Phantom scalar-tensor models and cosmological tensions

TL;DR

This paper investigates extended scalar-tensor gravity models with negative kinetic terms, analyzing their cosmological implications and constraints, and finds that certain modifications can help reduce the H_0 tension in cosmology.

Contribution

It explores the effects of negative kinetic terms in scalar-tensor models on cosmological parameters and demonstrates potential in alleviating the H_0 tension.

Findings

Negative kinetic term models behave as negative energy density components.

Cosmological data constrain these models close to General Relativity.

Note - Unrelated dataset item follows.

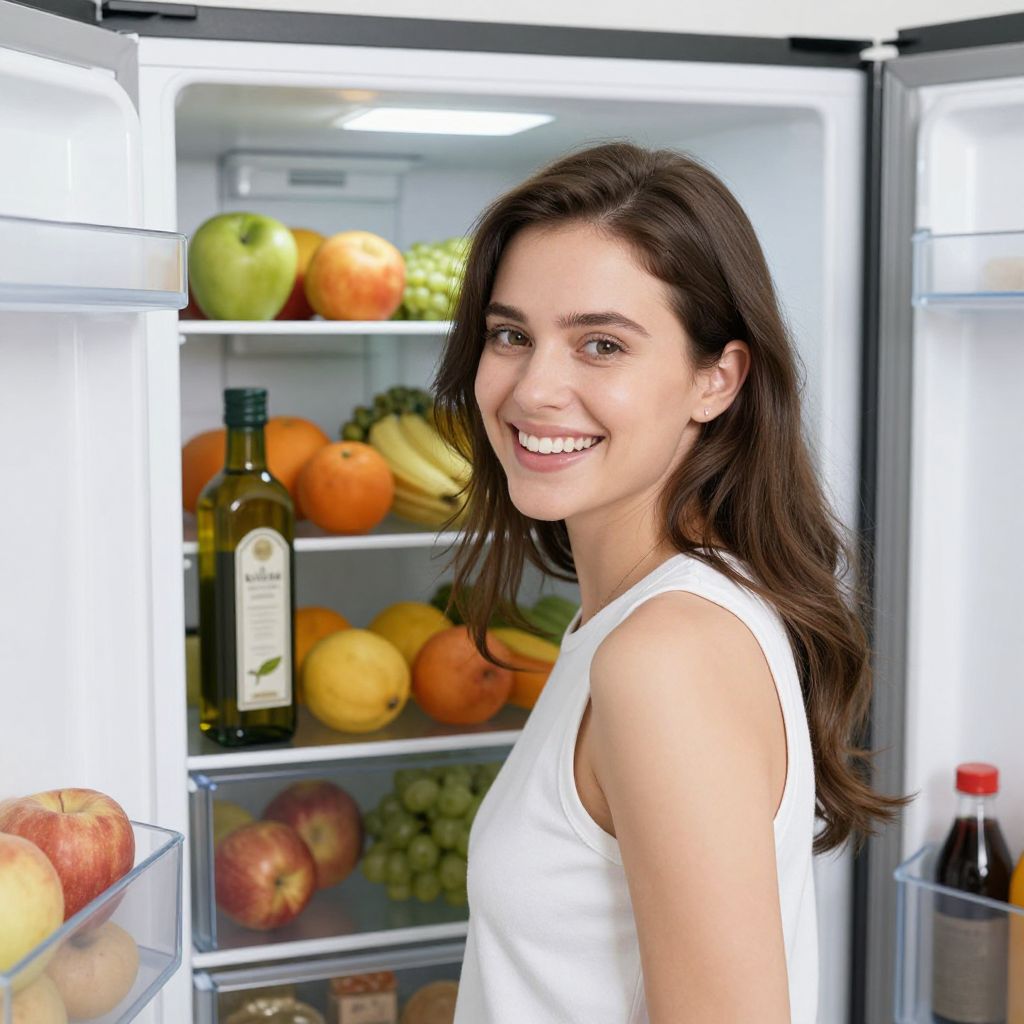 Woman smiling brightly in front of an open refrigerator, showcasing a neatly organized interior with fresh fruits on the top shelf, a bottle of olive oil on the middle shelf, and additional items visible below.

Quartic coupling in phantom models can reduce the H_0 tension.

Abstract

We study three different extended scalar-tensor theories of gravity by also allowing a negative sign for the kinetic term for the scalar field in the Jordan frame. Our scope is to understand how the observational constraints for these models cope with the volume of the parameter space in which the theory is healthy. Models with a negative kinetic term lead to decreasing effective gravitational constant with redshift and behave as an effective relativistic component with a negative energy density as opposite to their corresponding version with a standard kinetic term. As a consequence, we find that the extended branch with a negative sign for the kinetic term correspond in general to lower $H_0$ and $\sigma_8$ compared to $\Lambda$CDM. We find that in all the cases with a negative sign for the kinetic term studied here, cosmological observations constrain these models around GR and prefer a volume of the parameter space in which the theory is not healthy since the scalar field behave as a ghost also in the related Einstein frame. We show that also in the phantom branch early modify gravity with a quartic coupling can substantially reduce the $H_0$ tension fitting the combination of cosmic microwave background data from Planck, baryon acoustic oscillations from BOSS and eBOSS, and Supernovae from the Pantheon sample with calibration information by SH0ES.